→ Task to carry out: What are the lines from the top of the entries through the one with "Ensemble meuble de"? Write them out exactly, with no pictures.

Records from a data source

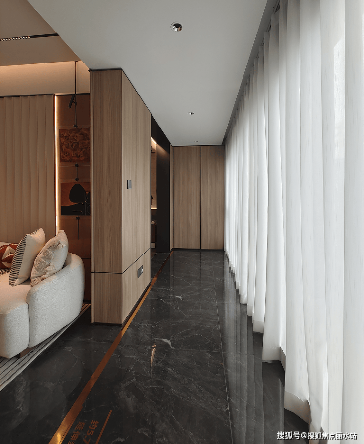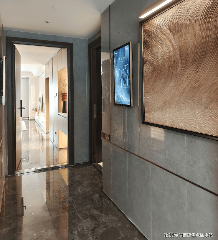项目部分公共区域也做了实景展示。现场看到,项目电梯间、公共过道等都做了高标准的装修,除了常规的吊顶之外,项目还在墙面做了金属线条造型,这些细节于业主是归家体验和尊贵感,于开发商是诚意、细节。
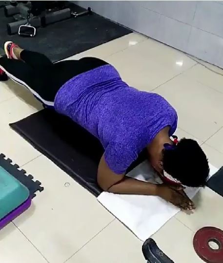 Dolapo Opeyemi Badmus has dropped multimedia contents about herself keeping fit in the gym.
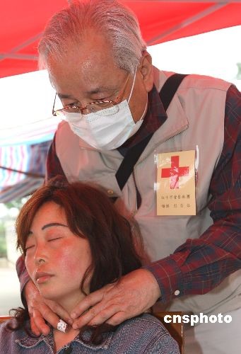 5月21日下午,臺(tái)灣紅十字醫(yī)療隊(duì)在四川省廣漢市高坪鎮(zhèn)災(zāi)民安置中心安營(yíng)扎寨開展醫(yī)療救治。78歲的原臺(tái)北市醫(yī)師工會(huì)理事長(zhǎng)彭芳谷先生在高坪鎮(zhèn)中心醫(yī)院緊急搶救一名在地震中受重傷產(chǎn)生“氣胸”的中年女患者,并指導(dǎo)醫(yī)療隊(duì)醫(yī)生為期實(shí)施外科手術(shù)。中新社發(fā) 任晨鳴 攝
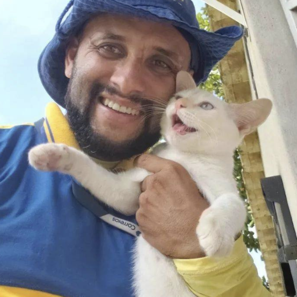 ▼Carteiro在社群網站上有一個專頁,裡面的照片並不是他的工作日常,而是他跟各種小動物的合照。照片中的貓咪、狗狗,都是他送貨時收件客戶家中的寵物。
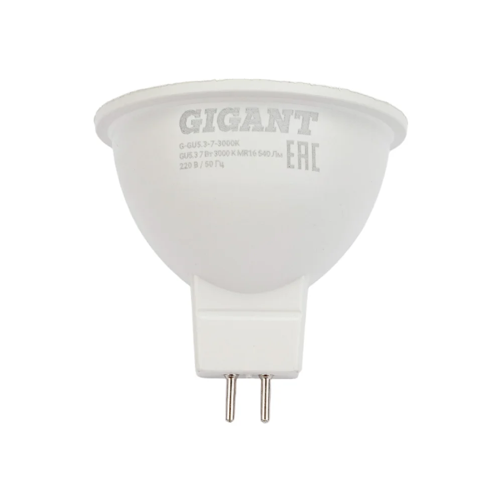 Светодиодная лампа GU5.3 7Вт 3000K MR16 540Лм Gigant G-GU5.3-7-3000K предназначена для использования в приборах наружного и внутреннего освещения квартир, жилых помещений, магазинов и т.п. Малое энергопотребление - в среднем в восемь раз меньше, чем у ламп накаливания аналогичной яркости (класс А). Большой срок службы - работает в 25–35 раз дольше ламп накаливания. Лампа почти не нагревается. Комфортно вкручивать и выкручивать «на горячую». Стабильная яркость освещения при колебаниях напряжения питания.
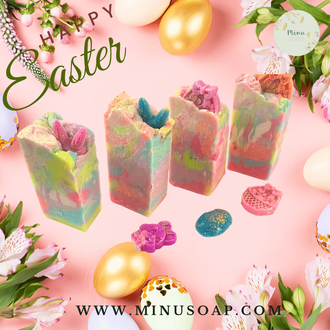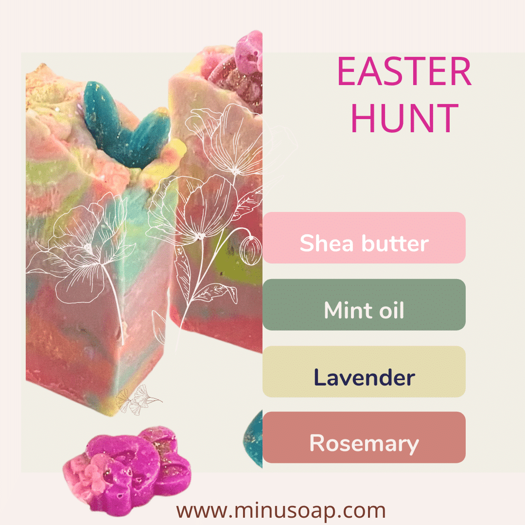 فعملنا صابونة وخلينا فيها اشكال شم النسيم من سبت الرحلات، للبيض الملون، للارنوب.. بحيث نرمز الي اللعبة دي اللي بتقرب العيلة من بعض.. الصابونة بقي معناتها غنية قوية وتنفع ذوي البشرة الذهنية بسبب خليط الاعشاب اللي فيها من نعناع لافندر روزماري، وترطب علشان … فيها نسبة معتدلة من زبدة الشيا
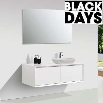 Ensemble meuble de salle de bain suspendu double vasque au design moderne et minimaliste. Meuble en kit à monter soi-même.
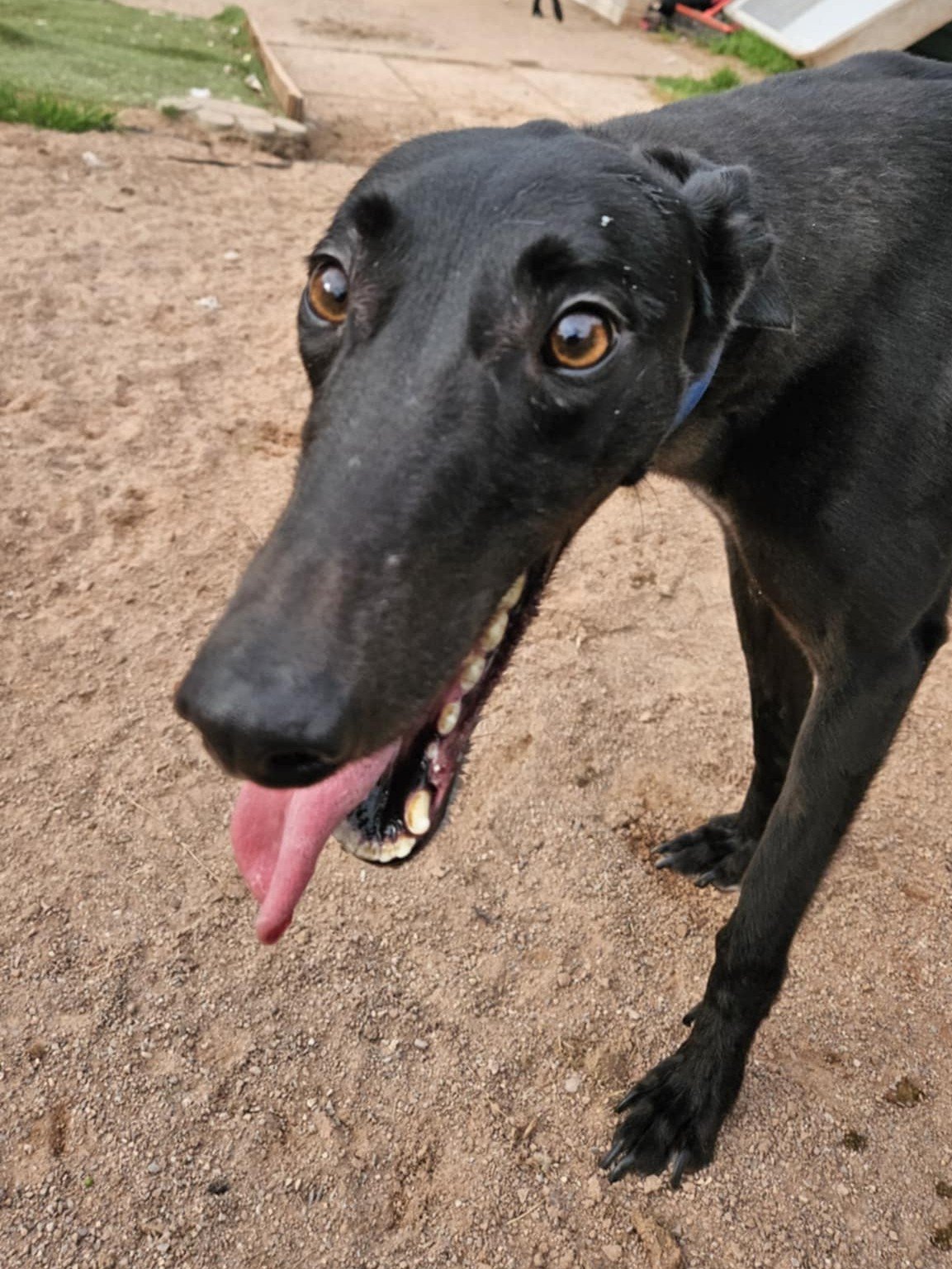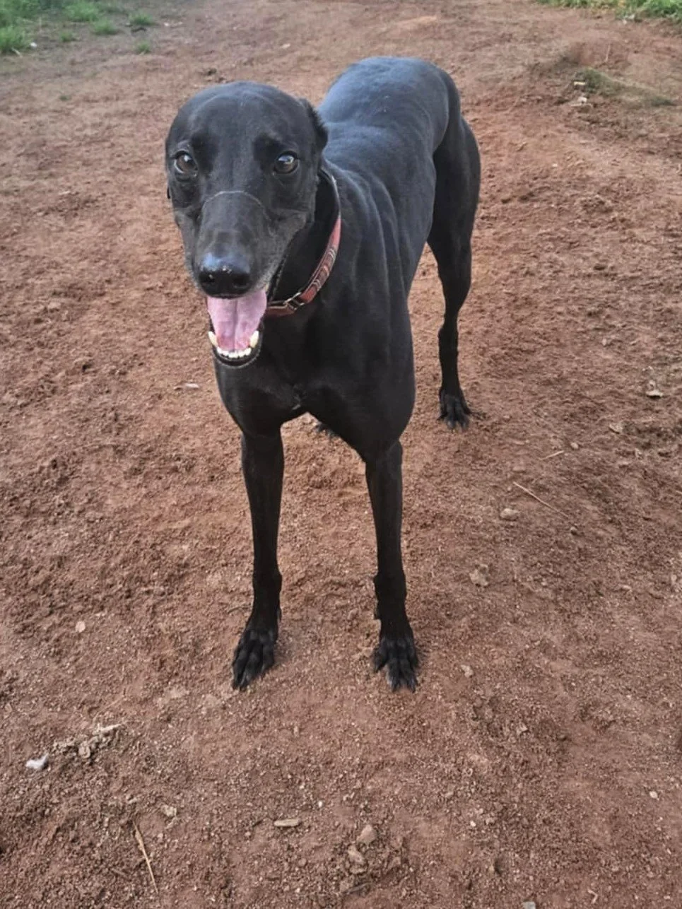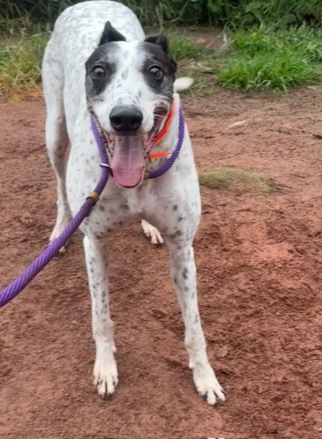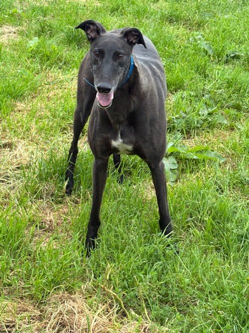 Dennis is a lazy boy and typical greyhound! He absolutely loves to sleep! When he is awake, he loves nothing more than to explore in the paddock and have a good wander around. Dennis loves his food and his treats, and he's great on the lead. He absolutely loves his toys too! Unfortunately, Dennis isn't cat/small furry friendly, sorry.
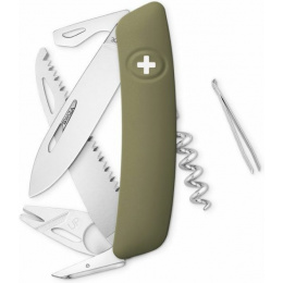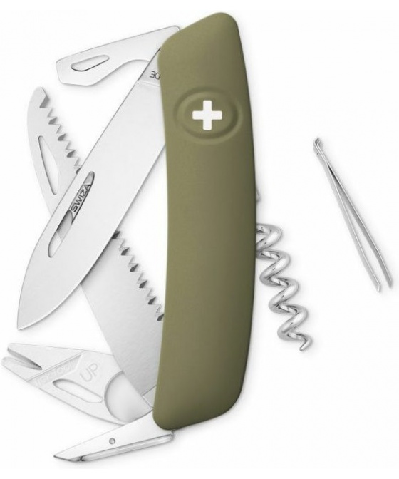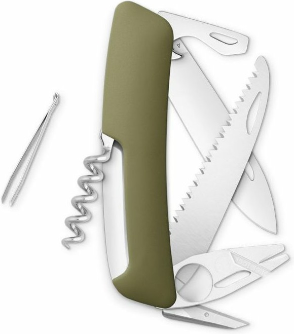 autentický švýcarský kapesní nůž pocházející z obnovené výroby ve známé továrně v Delémontu, hlavním a největším městě kantonu Jura inovativní moderní nůž obsahuje sofistikovaný nástroj s lupou speciálně navržený na odstranění klíšťat klíšťata se mohou stát zdrojem nepříjemných potíží zejména v průběhu jarních a letních i podzimních měsíců při pohybu v travnatých a lesnatých oblastech otvor na plastovém odstraňovači klíšťat umožňuje vyjmutí velkých i velmi malých klíšťat revoluční tvar a střenka nabízející měkký úchop dělají z tohoto nože nejpohodlnější a nejsnadněji použitelný nůž vůbec pojistka integrovaná přímo do střenky nože je chráněna měkkou pryží pojistku aktivujete pouhým stisknutím loga Swiza na střence ergonomicky zakřivený tvar nože umožňuje lepší a snadnější přístup k nástrojům díky nehetníku na každé čepeli lze nůž dobře otevřít levou nebo pravou rukou délka čepele 75 mm a střenky 95 mm čepel je vyrobena z kvalitní extra odolné nerezové oceli 440 s tvrdostí 57 HRc robustní nerezová pilka pro čistý a přesný řez, jejíž geometrie stoupání směrem vzhůru zajišťuje vysoký výkon při řezání bez zatížení baleno v plastovém boxu nástroje: nerezová čepel s nehetníkem odstraňovač klíšťat s lupou pilka výstružník, šídlo otvírák na lahve s ohýbaček drátu plochý šroubovák No 3 vývrtka pinzetaVíce
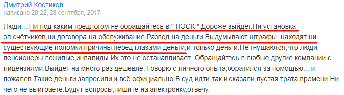 На другом форуме можно прочесть крайне негативные отклики от пользователей НЭСК. Здесь Дмитрий Костиков говорит, что компания при установке счетчиков, заключении договоров на обслуживание специально выдумывает штрафы, поломки, чтобы как можно больше взять денег с населения. У каждого пользователя есть возможность обращаться в разные компании, имеющие лицензии на осуществление деятельности и оказания услуг. Поэтому альтернатива в данном случае существует всегда.
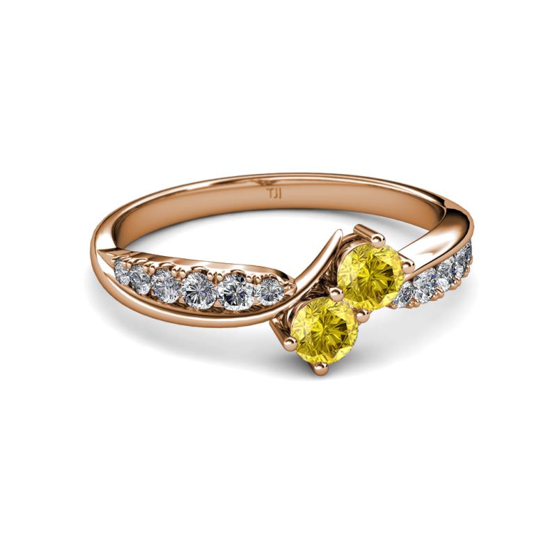 Yellow Sapphire 2 Stone with Side Diamonds Bypass Engagement Ring 0.83 ct tw in 14K Rose Gold. More Details ...
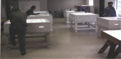 Rys. 1. Tradycyjne podświetlane stoły przydawały się w procesie koordynacji wielkich inwestycji. Dwuwymiarowe rysunki CAD służyły powszechnie jako nakładki do rozwiązywania problemów koordynacji MEPF.
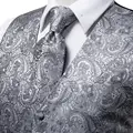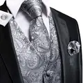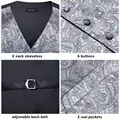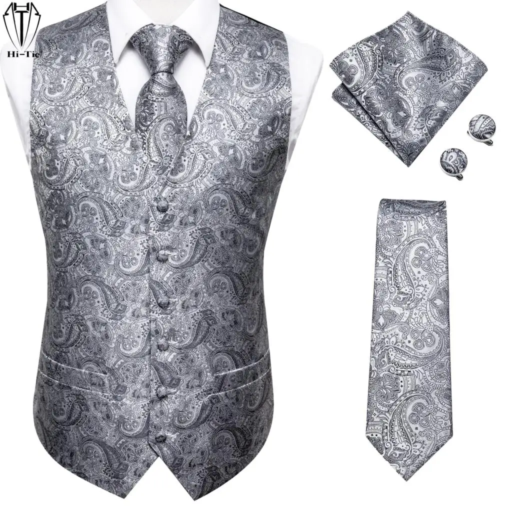 Hi-Tie Mens Suit Vests Necktie Hankerchief Cufflinks Set Silk Slim Fit Dress Waistcoat Tie Jacket Paisley Floral Plain Colors
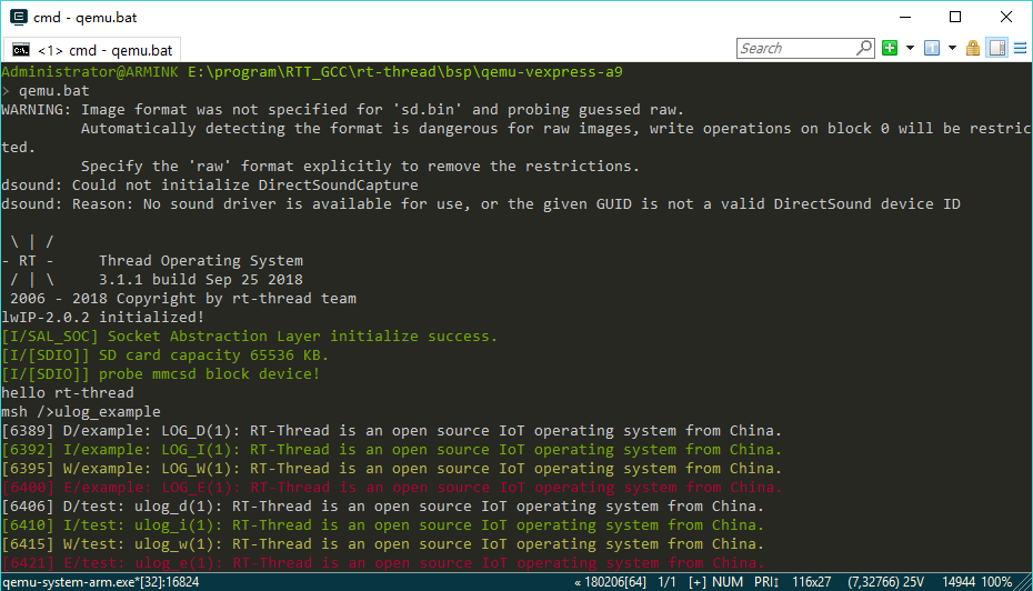 syslog() is very simple to use. The input format is the same as the printf function. There are also syslog routines in ulog_example.c that work as follows in qemu:
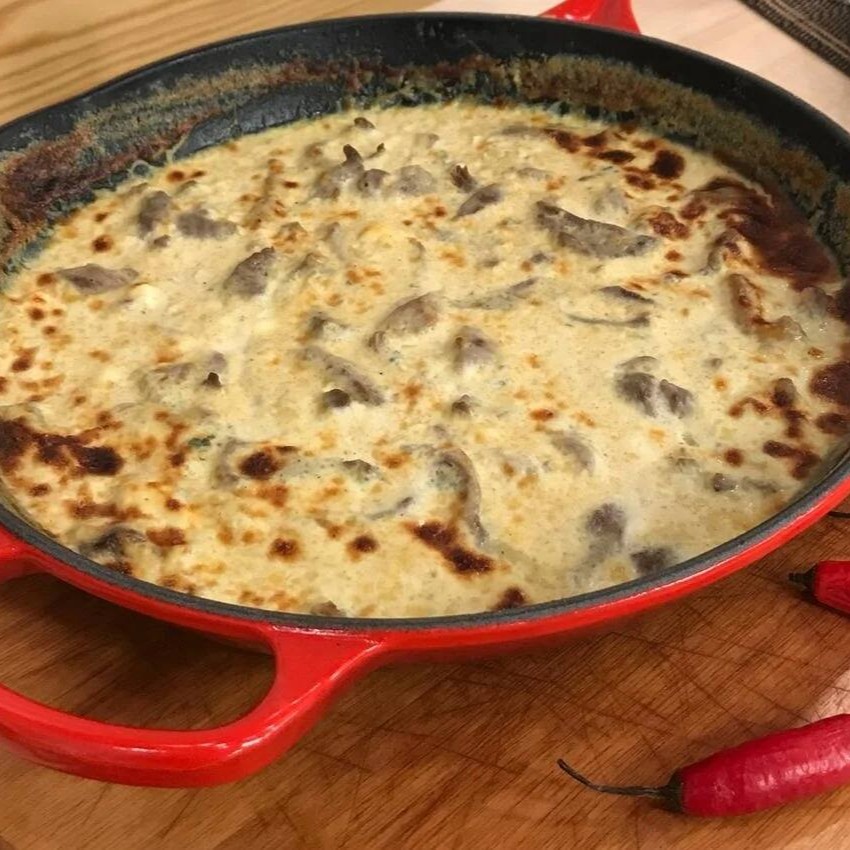 Tiras de contra filé, mergulhadas em muito queijo mussarela, Catupiry, parmesão e cheddar, acompanha pão de alho e molho da casa.

→ Reply to the task:
项目部分公共区域也做了实景展示。现场看到,项目电梯间、公共过道等都做了高标准的装修,除了常规的吊顶之外,项目还在墙面做了金属线条造型,这些细节于业主是归家体验和尊贵感,于开发商是诚意、细节。
 Dolapo Opeyemi Badmus has dropped multimedia contents about herself keeping fit in the gym.
 5月21日下午,臺(tái)灣紅十字醫(yī)療隊(duì)在四川省廣漢市高坪鎮(zhèn)災(zāi)民安置中心安營(yíng)扎寨開展醫(yī)療救治。78歲的原臺(tái)北市醫(yī)師工會(huì)理事長(zhǎng)彭芳谷先生在高坪鎮(zhèn)中心醫(yī)院緊急搶救一名在地震中受重傷產(chǎn)生“氣胸”的中年女患者,并指導(dǎo)醫(yī)療隊(duì)醫(yī)生為期實(shí)施外科手術(shù)。中新社發(fā) 任晨鳴 攝
 ▼Carteiro在社群網站上有一個專頁,裡面的照片並不是他的工作日常,而是他跟各種小動物的合照。照片中的貓咪、狗狗,都是他送貨時收件客戶家中的寵物。
 Светодиодная лампа GU5.3 7Вт 3000K MR16 540Лм Gigant G-GU5.3-7-3000K предназначена для использования в приборах наружного и внутреннего освещения квартир, жилых помещений, магазинов и т.п. Малое энергопотребление - в среднем в восемь раз меньше, чем у ламп накаливания аналогичной яркости (класс А). Большой срок службы - работает в 25–35 раз дольше ламп накаливания. Лампа почти не нагревается. Комфортно вкручивать и выкручивать «на горячую». Стабильная яркость освещения при колебаниях напряжения питания.
 فعملنا صابونة وخلينا فيها اشكال شم النسيم من سبت الرحلات، للبيض الملون، للارنوب.. بحيث نرمز الي اللعبة دي اللي بتقرب العيلة من بعض.. الصابونة بقي معناتها غنية قوية وتنفع ذوي البشرة الذهنية بسبب خليط الاعشاب اللي فيها من نعناع لافندر روزماري، وترطب علشان … فيها نسبة معتدلة من زبدة الشيا
 Ensemble meuble de salle de bain suspendu double vasque au design moderne et minimaliste. Meuble en kit à monter soi-même.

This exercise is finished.